The discovery was made by watching a chance encounter of objects in our galaxy, which can be witnessed only once, researchers said.
"We won't have a chance to observe the exomoon candidate again," said David Bennett of the University of Notre Dame, and lead author of a new paper on the findings appearing in the Astrophysical Journal.
The international study is led by the joint Japan-New Zealand-American Microlensing Observations in Astrophysics (MOA) and the Probing Lensing Anomalies NETwork (PLANET) programmes, using telescopes in New Zealand and Tasmania.
Their technique, called gravitational microlensing, takes advantage of chance alignments between stars.
When a foreground star passes between us and a more distant star, the closer star can act like a magnifying glass to focus and brighten the light of the more distant one. These brightening events usually last about a month.
If the foreground star - or what astronomers refer to as the lens - has a planet circling around it, the planet will act as a second lens to brighten or dim the light even more.
By carefully scrutinising these brightening events, astronomers can figure out the mass of the foreground star relative to its planet.
In some cases, however, the foreground object could be a free-floating planet, not a star.
Researchers might then be able to measure the mass of the planet relative to its orbiting companion: a moon.
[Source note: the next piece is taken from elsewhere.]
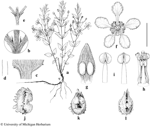 Aspicarpa salicifolia. a. Habit. b. Node with stipules borne on base of petiole (hairs removed to reveal stipules). c. Base of lamina with glands. d. Leaf hairs, from abaxial surface (left) and adaxial surface (right). e. Base of pair of peduncles, with four bracts. f. Chasmogamous flower, posterior petal uppermost. g. Sepal from chasmogamous flower, abaxial view. h. Androecium and gynoecium from chasmogamous flower, the stamen in center opposite anterior sepal. i. Fertile stamen from chasmogamous flower, distal portion, abaxial view (left) and adaxial view (right). j, k, l, cocci from cleistogamous flower, lateral view (j), adaxial view (k), abaxial view (l). Scale bar equivalents: a, 4 cm; b–d, 2 mm; e, 5.7 mm; f, 8 mm; g, 2.7 mm; h, 4 mm; i, 2 mm; j–l, 5 mm. Based on: a–e, Hassler 9129, G; f–h, Hassler 7046, P; j–l, Hatschbach 25228, NY. Drawn by Karin Douthit. © University of Michigan Herbarium.

While astronomers are actively looking for exomoons - for example, using data from NASA's Kepler mission - so far, they have not found any.
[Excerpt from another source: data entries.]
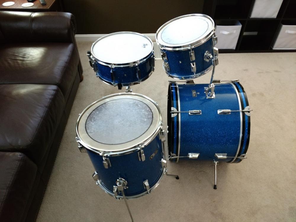 The snare is a "Tempro" brand, but the wrap matches exactly with the rest of the kit. The blue glitter wrap is in great shape and there is no fading anywhere. It looks great. There is a small amount of the wrap buckling slightly at the bass drum lugs, but it's not bad at all. This kit is in excellent shape and has been well taken care of. Gloss lacquered wood bass drum hoops are in great shape, and have brand new, Blue Glitter inlay from Precision Drum Company in NY.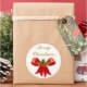 Red Holly Bow Frohe Weihnachten oder glückliche Fe Runder Aufkleber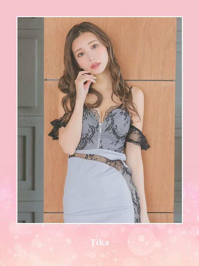肩あきブラックフラワーレースバストジップ切り替えストレッチタイトミニドレスの商品詳細1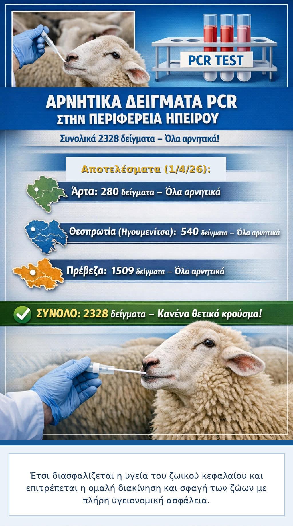 Ειδικότερα, με βάση τα αποτελέσματα της 1ης Απριλίου 2026, πραγματοποιήθηκαν συνολικά 2.328 εργαστηριακοί έλεγχοι (PCR) σε όλη την Περιφέρεια Ηπείρου, χωρίς να εντοπιστεί κανένα θετικό κρούσμα.

In the new study, the nature of the foreground, lensing object is not clear. The ratio of the larger body to its smaller companion is 2,000 to 1.
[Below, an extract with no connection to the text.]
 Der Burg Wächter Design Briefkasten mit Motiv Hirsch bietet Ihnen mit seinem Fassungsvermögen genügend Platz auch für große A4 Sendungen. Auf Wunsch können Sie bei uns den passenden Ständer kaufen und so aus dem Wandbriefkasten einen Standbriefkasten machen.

That means the pair could be either a small, faint star circled by a planet about 18 times the mass of Earth - or a planet more massive than Jupiter coupled with a moon weighing less than Earth.
The problem is that astronomers have no way of telling which of these two scenarios is correct.
The answer to the mystery lies in learning the distance to the circling duo. A lower-mass pair closer to Earth will produce the same kind of brightening event as a more massive pair located farther away.
But once a brightening event is over, it's very difficult to take additional measurements of the lensing system and determine the distance.
The true identity of the exomoon candidate and its companion, a system dubbed MOA-2011-BLG-262, will remain unknown, researchers said.